→ About this task: What you give must be the lines from the one containing "Fototapeta premium view" through the last line of the listing below, exactly, with nothing else and no pictures.

→ Recorded data:
- - - - - - -

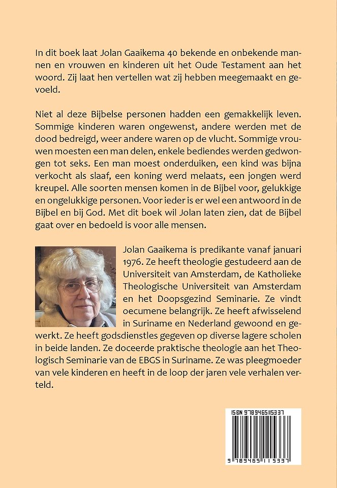 In 'Bijbelse mensen aan het woord' laat Jolan Gaaikema verschillende mannen en vrouwen en kinderen uit het Oude Testament aan het woord. Zij laat hen in de ik-vorm vertellen wat zij gevoeld hebben. Niet al deze Bijbelse personen hebben een gemakkelijk leven gehad. Sommige kinderen zijn met de dood bedreigd, sommige waren op de vlucht. Sommige kinderen waren ongewenst. Sommige vrouwen werden gedwongen tot seks met hun baas. Iemand moest onderduiken, een kind was bijna verkocht als slaaf. De Bijbel is niet een boek waarin alleen maar mooie verhalen staan. Alle soorten mensen komen in de Bijbel voor, gelukkige en juist heel ongelukkige personen. Echter voor ieder mens is er wel een antwoord in de Bijbel en bij God. In dit boek komen 40 personen aan het woord, bekende en minder bekende figuren. Elk vertelt zijn of haar eigen verhaal vanuit het persoonlijke perspectief. Daarmee wil Jolan laten zien, dat de Bijbel een boek is over en voor alle mensen. Enkele personen hebben niet eens een naam, maar ze worden wel genoemd en misschien is dat juist fijn voor mensen, die zich onbelangrijk voelen en die door weinigen worden gekend, want ook deze mensen horen erbij en horen bij God. Dit is geen theologisch boek. De schrijfster houdt zich niet bezig met de vraag of alles zo wel of niet gebeurd is. Dit boek is gebaseerd op wat er in de Bijbel wordt verteld en geeft daar een psychologische inhoud aan, want de mensen over wie verteld wordt, zijn mensen het gevoel in bepaalde gevallen met diepe wijsheid. Dit zijn Bijbelse verhalen voor volwassenen en eventueel jongeren. Een aantal ervan is niet geschikt voor jonge kinderen, andere zijn voor alle leeftijden. Jolan Gaaikema is predikante vanaf januari 1976. Ze heeft theologie gestudeerd aan de Universiteit van Amsterdam, de Katholieke Theologische Universiteit van Amsterdam en het Doopsgezind Seminarie. Ze vindt oecumene belangrijk. Ze heeft afwisselend in Suriname en Nederland gewoond en gewerkt. Ze heeft godsdienstles gegeven op diverse lagere scholen in beide landen. Ze doceerde praktische theologie aan het Theologisch Seminarie van de EBGS in Suriname. Ze was pleegmoeder van vele kinderen en heeft in de loop der jaren vele verhalen verteld.
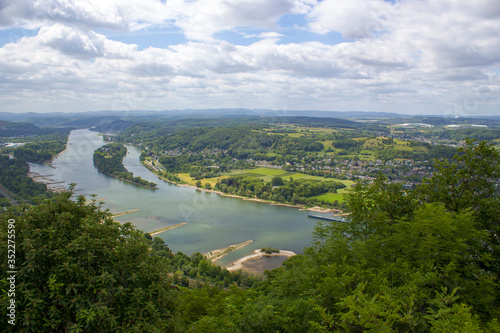 Fototapeta premium view to river Rhine from the famous mountain Drachenfels in Koenigswinter
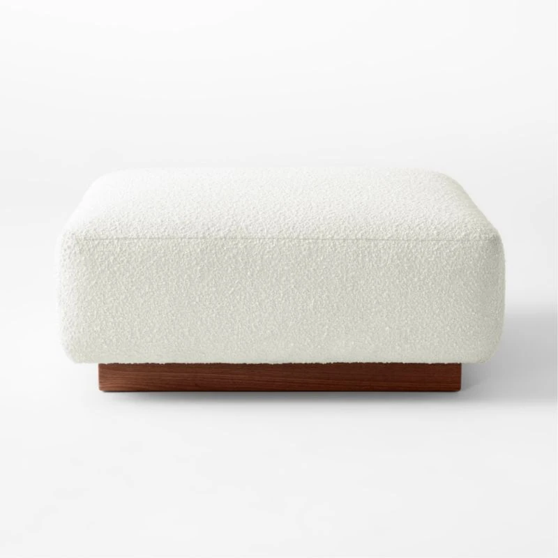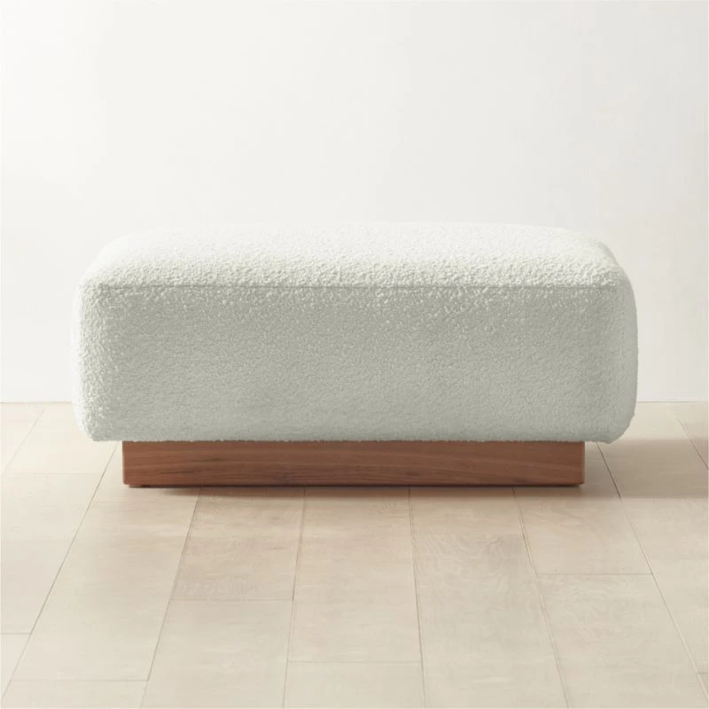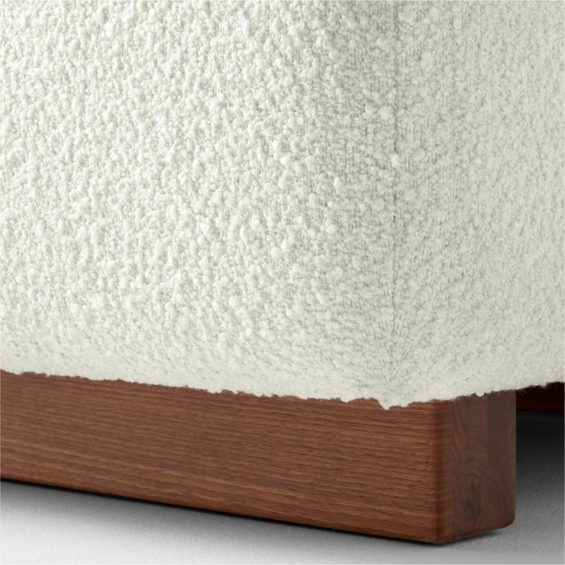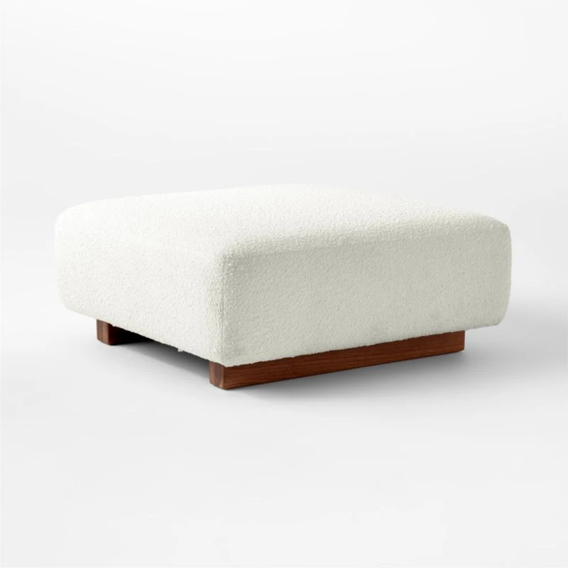 Designed by Lawson-Fenning, the Terrain furniture collection consists of modular pieces that can be arranged to create different environments. Ottoman features plush bouclé upholstery. Walnut base, certified sustainable by the Forest Stewardship Council ®, reveals warm tones and striations that vary from piece to piece. Complements other pieces in the Terrain furniture collection. CB2 exclusive.

- - - - - - -

→ Solution for this exercise:
 Fototapeta premium view to river Rhine from the famous mountain Drachenfels in Koenigswinter
 Designed by Lawson-Fenning, the Terrain furniture collection consists of modular pieces that can be arranged to create different environments. Ottoman features plush bouclé upholstery. Walnut base, certified sustainable by the Forest Stewardship Council ®, reveals warm tones and striations that vary from piece to piece. Complements other pieces in the Terrain furniture collection. CB2 exclusive.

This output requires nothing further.